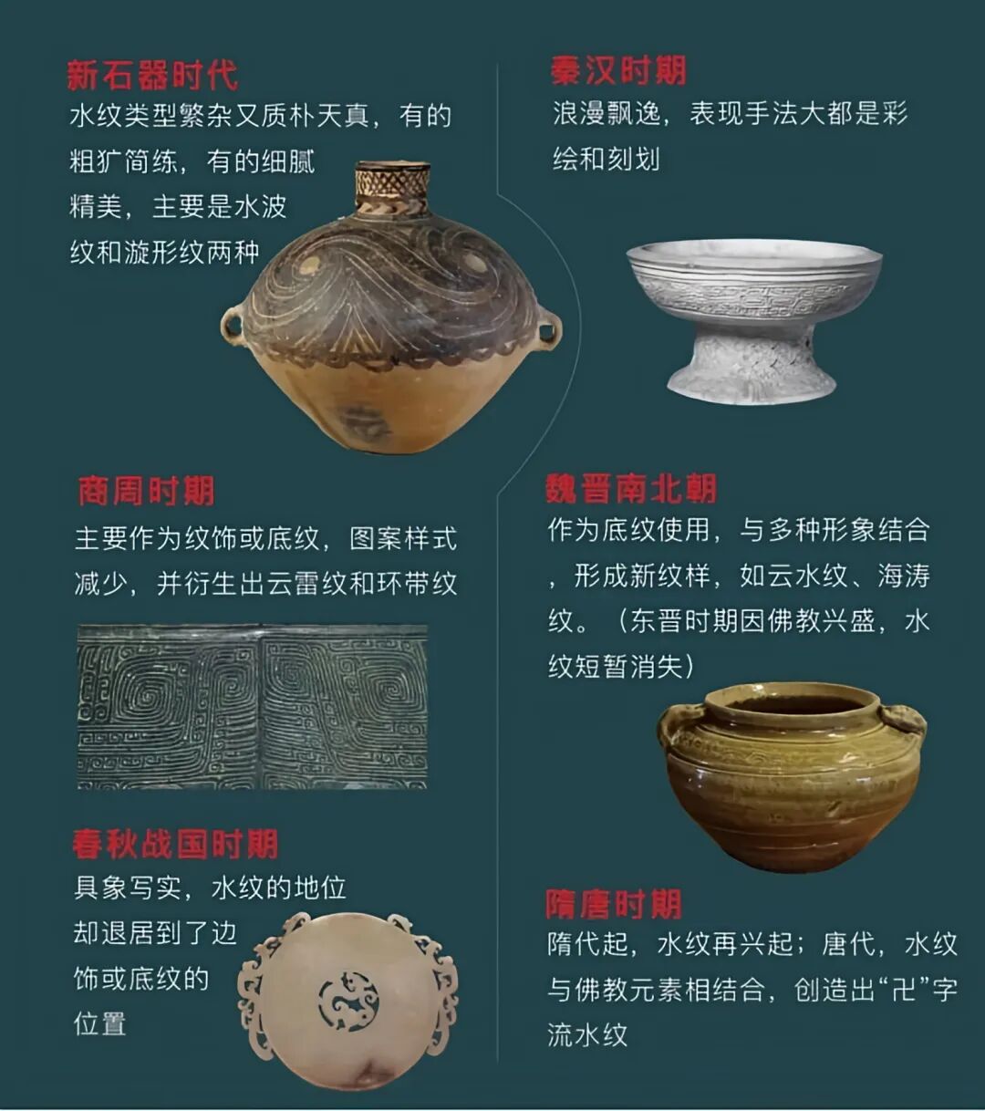 在满足器具的基本功能之后,先民们开始在其表面创造各种装饰图案,水纹就是典型代表。早在新石器时代的彩陶上,就已经出现了这类水纹。
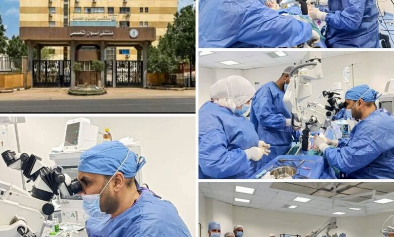 التخدير، وبمعاونة فريق التمريض المتميز، وذلك تحت إشراف ومتابعة الدكتور أبو المجد أبو الوفا محمود، مدير المستشفى، والدكتور محمد عبد الهادي، مدير فرع الهيئة العامة للرعاية الصحية بأسوان.
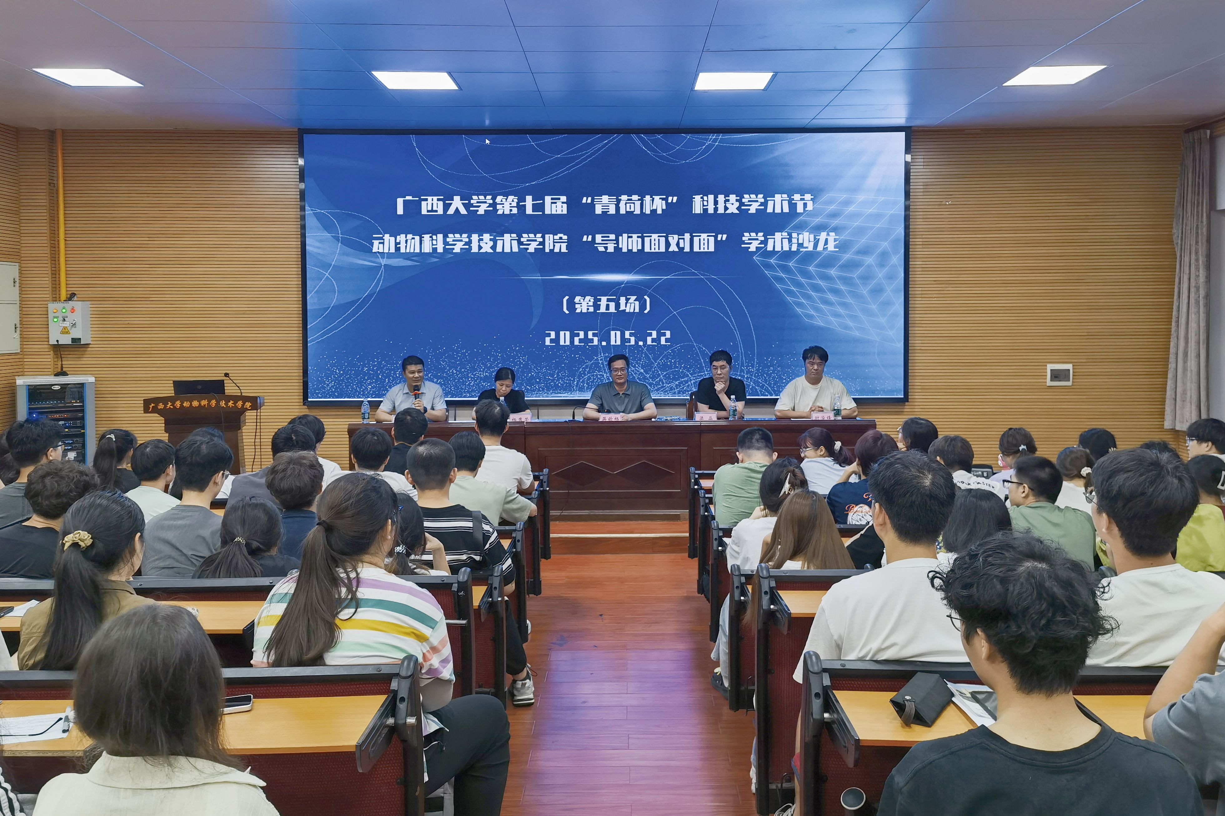 为巩固专业思想,加强学风建设,增进师生交流,营造学术氛围,5月22日晚上,yl6809永利在公司318报告厅举办第三季“导师面对面”学术沙龙(第五场),邀请蒋钦杨、杨秀荣、梁晶、庄站伟、时学锋5位导师嘉宾到场分享个人经历、人才培养和科研方向,并与员工互动交流,共同探讨学业规划、职业发展和个人成长。动物科学专业2024级全体本科生参加此次活动。

= Assignment =
Write the listing out exactly, word for word, but omit the pictures.

= Task response =
 在满足器具的基本功能之后,先民们开始在其表面创造各种装饰图案,水纹就是典型代表。早在新石器时代的彩陶上,就已经出现了这类水纹。
 التخدير، وبمعاونة فريق التمريض المتميز، وذلك تحت إشراف ومتابعة الدكتور أبو المجد أبو الوفا محمود، مدير المستشفى، والدكتور محمد عبد الهادي، مدير فرع الهيئة العامة للرعاية الصحية بأسوان.
 为巩固专业思想,加强学风建设,增进师生交流,营造学术氛围,5月22日晚上,yl6809永利在公司318报告厅举办第三季“导师面对面”学术沙龙(第五场),邀请蒋钦杨、杨秀荣、梁晶、庄站伟、时学锋5位导师嘉宾到场分享个人经历、人才培养和科研方向,并与员工互动交流,共同探讨学业规划、职业发展和个人成长。动物科学专业2024级全体本科生参加此次活动。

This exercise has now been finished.